Are you trying to compare credit cards? The first thing you will look at in determining how good (or bad) a deal you are being offered is the interest rate. Interest rates are expressed as annual percentage rates for comparison purposes, and are either fixed or variable. The annual percentage rate (APR) is the interest rate on any balance you carry, and is a standardized, tightly regulated way of comparing annual interests, so you can make apples-to-apples comparisons of interest rates. This rate is applied every month you carry a balance forward to the entire balance, with the exclusion of any purchases that are still within their “grace” period.
Interest rates are offered as either fixed or variable. A fixed interest rate is the easiest to understand, and the most predictable. A fixed interest rate means you will get the same interest rate all year. Introductory rates are typically fixed, but expire after a period of time, whereas fixed rates do not.
A variable interest rate credit card is a credit card where the interest rate is pegged to some economic indicator that changes as the economy at large fluctuates. For example, a variable APR can be pegged to the prime interest rate, the rate at which banks loan to their best customers. The prime rate is pegged at 3 points above the interest rate the Federal Reserve sets. It is usually expressed as the prime interest rate plus a certain additional percentage of APR. Lower is obviously better.
A fixed rate credit card at first may seem to be a better deal, but this isn’t necessarily the case. For example, if the fixed card has a relatively high fixed rate, and the Federal Reserve cuts its lending rates repeatedly, then a low interest variable APR credit card will outperform the fixed APR credit card. When you are comparing interest rates in choosing a credit card offer, you should take these things into account. If you are not yet good at using spreadsheet programs like Microsoft Excel, you may want to learn. Although the arithmetic involved in comparing these interest rates is simple, it isn’t something you’re going to be likely to be able to calculate in your head.

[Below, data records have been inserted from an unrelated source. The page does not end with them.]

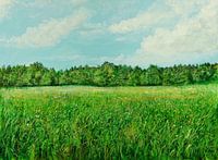 Het schilderij "Natural Wall" toont sterke grassprieten op de voorgrond, die individueel al machtig lijken als pilaren en in hun massa een ondoordringbare eenheid vormen. Deze grassen stralen een zekere strengheid en standvastigheid uit, alsof ze als soldaten in formatie staan opgesteld voor een denkbeeldige muur die wordt gesymboliseerd door de bomenrij op de achtergrond.
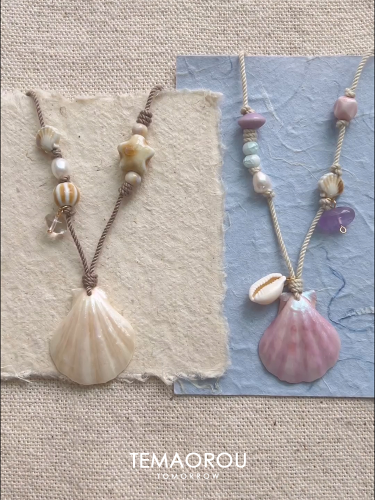 LAOSHU ! High-End Niche Design Long Braided Rope Large Shell Beaded Necklace for Women, New Travel Accessory Cross Chain
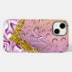 Élégant Monogram M Parties scintillant Or Imaginaire rose Pluie Droplets Coque-Mate iPhone 14 Coque.
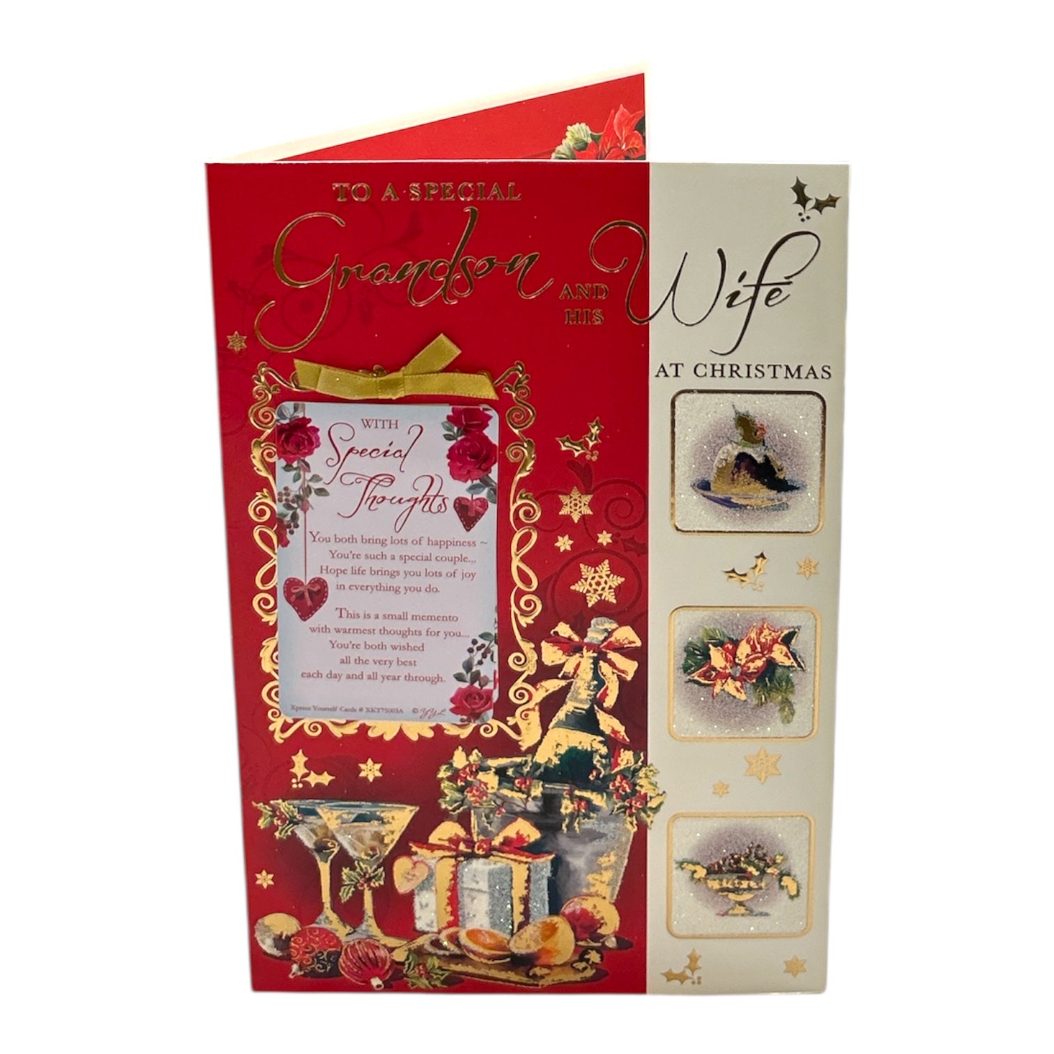Celebrate the joy of the season with this luxurious Christmas card designed especially for a beloved grandson and his wife. The rich red background is adorned with golden stars, festive holly, and elegant illustrations of champagne, cocktails, mince pies, and a beautifully decorated cake—perfectly capturing the spirit of celebration. A heartfelt Christmas verse is framed with roses and ribbon, adding warmth and sincerity. Complemented by a white panel with charming holiday images, this card blends traditional elegance with festive cheer—a perfect way to send love and festive wishes to a cherished couple.

Using a credit card is almost too easy, but applying for a credit card and getting a favorable APR isn’t necessarily easy. You have to read the fine print and do the arithmetic if you want to get the best possible deal. Also, you may want to compare several different credit card offers in order to find the best price you can get. Although the application process has been simplified as credit card companies have used the Internet to make the application process more convenient, you still need to be aware of what information you need to give them and why you need to give it in order to complete a credit card application. Any inaccuracies in the information you give to the credit card company could delay the approval process or even lead to a denial of your application.